Cherry picking with sed?

#!/bin/bash

shuffle() 
{
Deck=$(shuf -e {2,3,4,5,6,7,8,9,T,J,Q,K,A}{H,S,D,C})
}

PH=(6H 9S KC)  # playerhand
CH=(JD 4D)        # computerhand
AC=2S                # activecard

shuffle
echo $Deck

I am unsure about how to proceed. I want to reshuffle a deck but without the cards in $PH, $CH, and $AC. Could it be done using sed? Any help would be greatly appreciated.
Thank you in advance.
Cogiz

How did you get to a point where you have dealt at least six cards from a deck, but don't know what cards remain in that deck? One might guess that in most card games you would have known hands for various players, a know set of cards in a discard pile, and a known set of cards remaining in the deck. In a state like this, it would seem to be fairly easy to "shuffle" the discard pile and the current contents of the deck to produce an updated deck rather than create a new deck of 52 cards (some of which duplicate other cards in play).
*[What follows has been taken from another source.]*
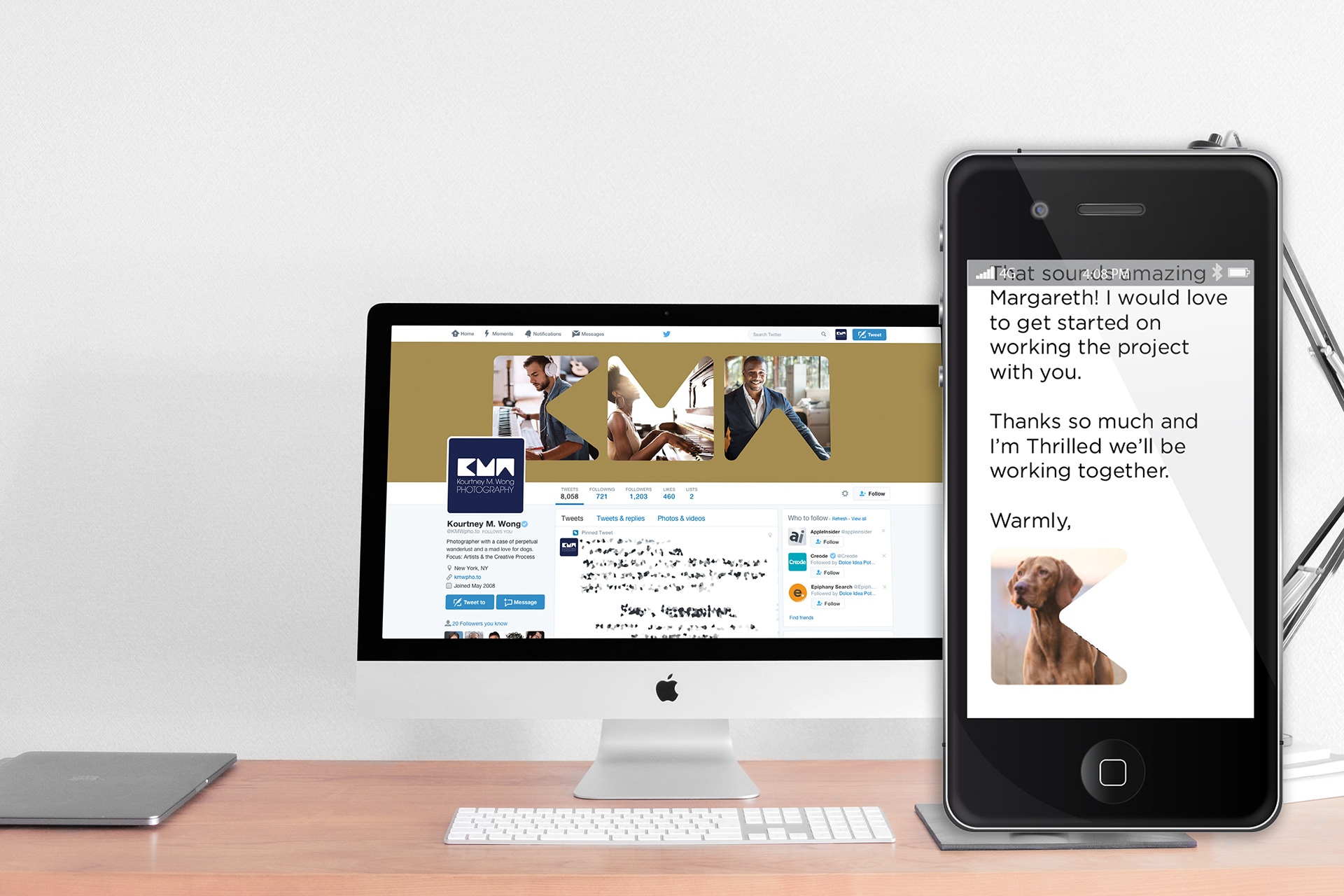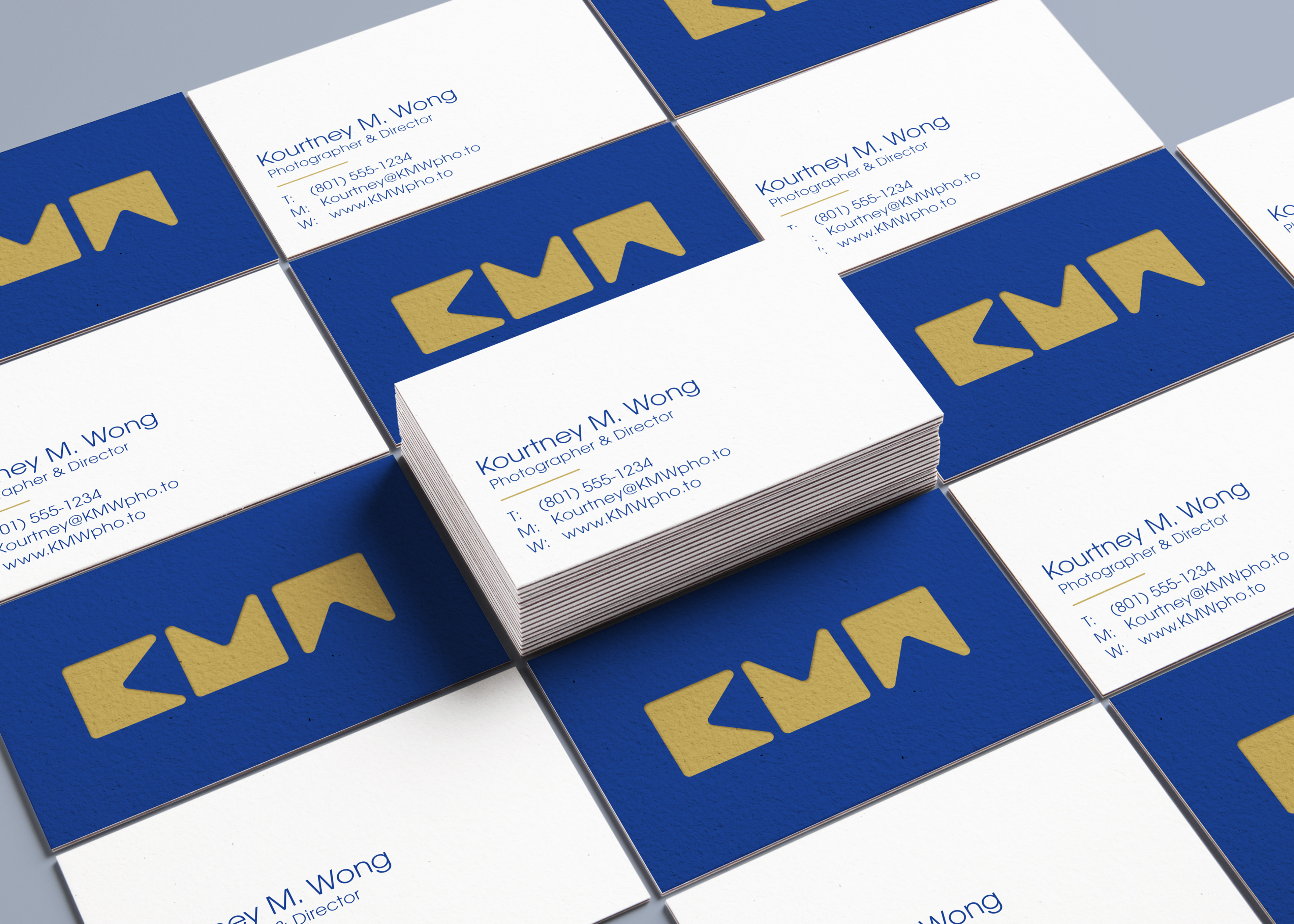 Originally we tried to create a monogram using the client's initials however it wasn't a practical solution. Thus we opted to use a uniformed abstract shape that can represent the letters K, M, and W when rotated which reminded me of the traditional Chinese coin. These coins had a window in the middle of it so we thought this window system would be a good mark for this freelance photographer, because her unique style is using natural lighting capturing her subject matter in their element. This voyeuristic window represents the person and the style of photography that she does.

But, having said that, how do you plan to remove a card from the "deck" when a card is drawn from the deck? Is there any reason why removing the top card from the "deck" should be much different from removing any other card from the "deck"?

Don is absolutely right. This is not a question of how to use a certain tool (you mentioned sed but the same goes for any other likewise). You should look at your data structure and how you handle that instead.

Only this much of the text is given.